Health: Alcoholic? Me?
Tuesday 30 December 1997
Why should I take drinking advice from a doctor?
Good point. An alcoholic, or so the adage goes, is someone who drinks more than his doctor. But if you don't mind the hypocrisy, your GP may at least have some insight in it, which is more than you can say for most illnesses.
Do alcoholic doctors differ from other heavy drinkers?

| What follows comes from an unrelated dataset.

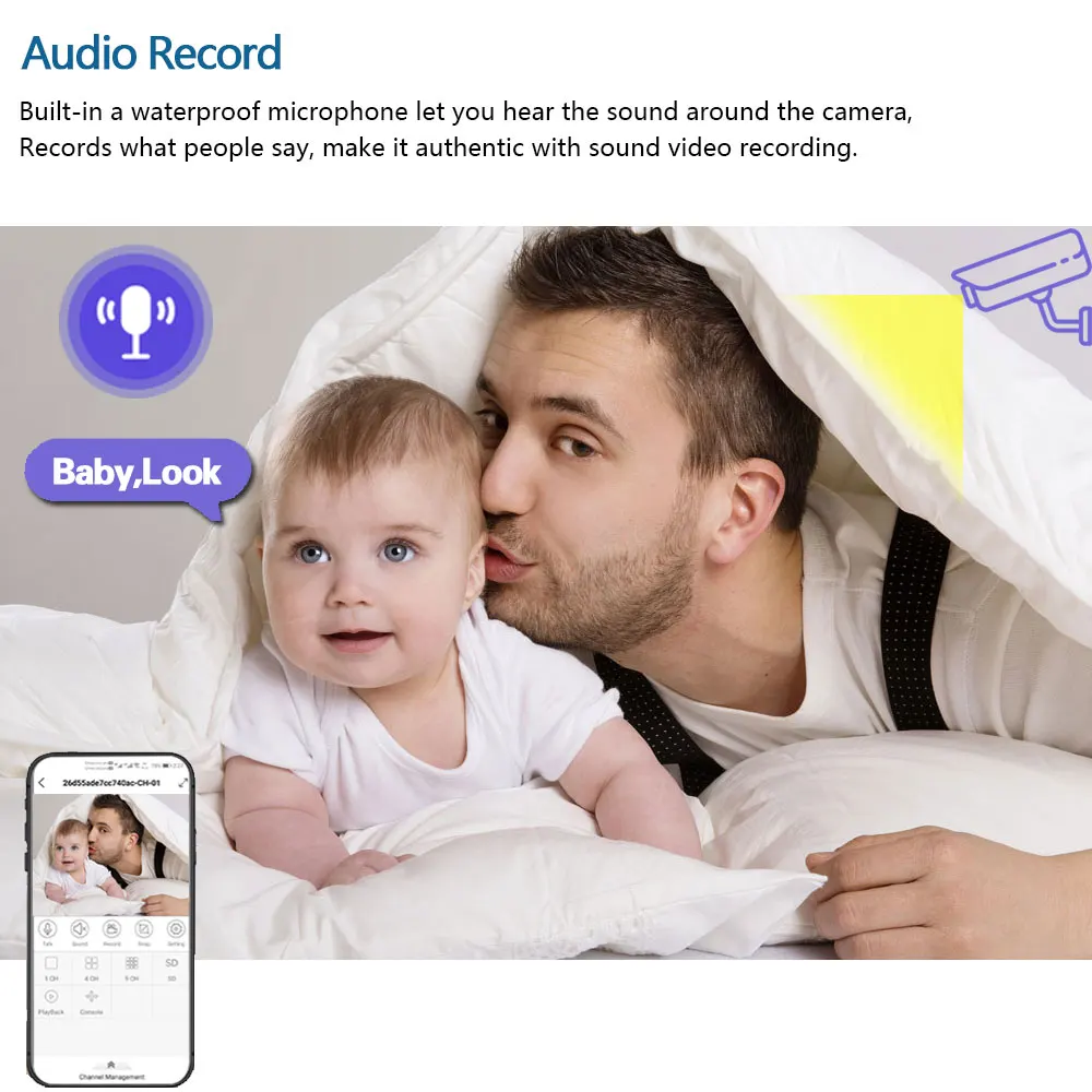 Встроенный водонепроницаемый микрофон позволяет слышать звук вокруг камеры, записывать разговоры людей, делать его достоверным с помощью записи звука и видео.

We tend to hide it better. If medical training teaches you anything, it's how to appear competent with a distillery coursing through your veins. All you need is a stout nurse to lean against and a packet of extra-strong mints. The mints, of course, don't mask the smell, any more than talc covers unwashed genitals, but doctors, like all professionals, can rely on their status to conceal drink problems. Most hospitals have one surgeon who's a bit shaky first thing without a couple of sharpeners to warm him up.
How does alcohol work?
The precise reason why two atoms of carbon, six hydrogens and an oxygen should combine to make you microwave the cat is not fully understood. Alcohol is absorbed into your bloodstream from the stomach and small intestine. This absorption is speeded up if you drink on an empty stomach, and if the alcoholic content of the drink is between 20 and 30 per cent. Thus a surfeit of preprandial sherry can wipe you out before the hors-d'oeuvre.
Alcohol is highly water soluble, and since 70 per cent of the body is water it gets pretty much everywhere. This explains the depressing list of side-effects, eg anxiety, depression, insomnia, dementia, gastritis, oesophagitis, cirrhosis, blackouts, fits, burning legs, chest pains, bronchitis, pneumonia, back-ache, rheumatism, gout, obesity, infertility and acne.

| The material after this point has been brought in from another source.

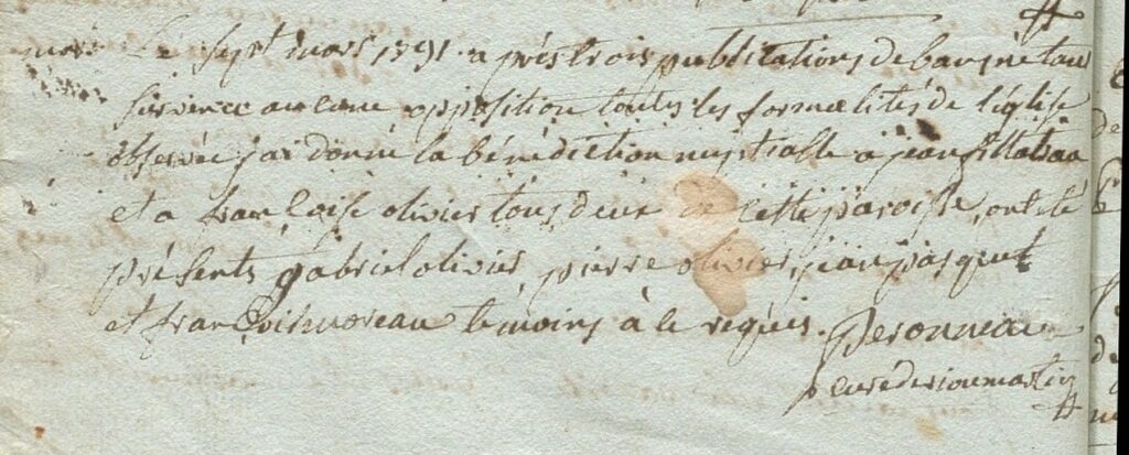 Deuxième acte : le 27 décembre de la même année, le même Jean Constantin fait un échange avec un autre Jean Fillatreau, mais cette fois il s’agit d’un neveu de l’ancien propriétaire. Par cet échange, Jean Constantin acquiert « la quinzième partie d’une petite chambre et petit jardin en dépendant venant de la succession de Jean Filhatrau, oncle du contractant, de laquelle il ne pourra s’emparer qu’après le décès de Françoise Ollivier sa veuve ». Cette fois, ce n’est plus un cinquième, mais le quinzième de ces quelques six m²… et ce n’est pas une erreur, c’est bien écrit en toutes lettres.

The only place alcohol doesn't go is fat. Since women have more of it than men and a smaller fluid volume, alcohol tends to concentrate more in their blood. When it reaches the brain, alcohol alters cell membranes and neuro-transmitter function. If this disruption reaches a critical level, you start singing "Ee-oh Tinky Winky" with pants at your ankles.
Although your liver works very hard to stop you making a prat of yourself, the enzymes that metabolise alcohol quickly get saturated, so you can't get rid of the stuff any faster no matter how much coffee you drink and hearty breakfasts you eat. Hence you can still be over the limit on the morning red-eye into work.

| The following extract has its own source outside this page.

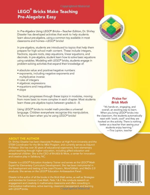 In Pre-Algebra Using LEGO(r) Bricks–Teacher Edition, Dr. Shirley Disseler has developed activities that work to help students learn about pre-algebra, using a common toy available in most classrooms and homes–LEGO(r) bricks! In pre-algebra, students are introduced to topics that help them prepare for high school math content. These include integers, fractions, square roots, step equations, linear equations, and decimals. In pre-algebra, student learn how to solve basic equations using variables. Modeling with LEGO(r) bricks, students engage in problem-solving activities that expand their knowledge of: * absolute value and positive/negative numbers * exponents, including negative exponents and multiplicative inverse * rules of integers * algebraic expressions * equations and inequalities * slope The book progresses through these topics in modules, moving from more basic to more complex in each chapter. Most students learn these pre-algebra topics between grades 6 – 8. Using LEGO(r) bricks to model math provides a universal language. Children everywhere recognize this manipulative. It’s fun to learn when you’re using LEGO(r) bricks!

Is alcohol a euphoriant or a depressant?
It can be either, depending on how much you drink and your mood when you started. Euphoria can start at a blood alcohol level of 30mg/ 100 ml and leads to the sort of disinhibition that can have such disastrous effects when it extends to the operation of heavy machinery. In a simulated driving test, bus drivers with alcohol levels of 50mg/ 100 ml (still below the legal limit) thought they could drive through obstacles that were too narrow. Such calamities are followed by a profound sense of melancholy and a wish to run away and hide. At 160-200 mg/ml, most of us slur our speech, fall over and pass out. At 400mg/ml, we usually die.
Am I an alcoholic?
Aside from using your GP as a bench-mark, the best person to ask is the one closest to you. Dependence on alcohol can be psychological, when the habit becomes so deeply ingrained that the mere thought of stopping induces outright panic, or physical, when abstinence results in morning shakes, nausea and dry heaves. But the crucial question with alcohol is whether you can control the beast. Can you have a week off without crawling up the wall? If not, get help.
How much is safe?
The recently up-voted safe limit guidelines (21 units spread over the week for women, 28 for men) seem generous until you realise that a unit is only a half of ordinary-strength ale, a glass of wine, half a glass of fortified wine or a tot of spirits. So Miss Sensible should limit herself to a small sherry every eight hours. Party on.
Now the good news please
A couple of drinks a day cuts your risk of premature heart disease by up to 20 per cent. Alas, you can get the same result with unfortified grape juice. Happy New Year.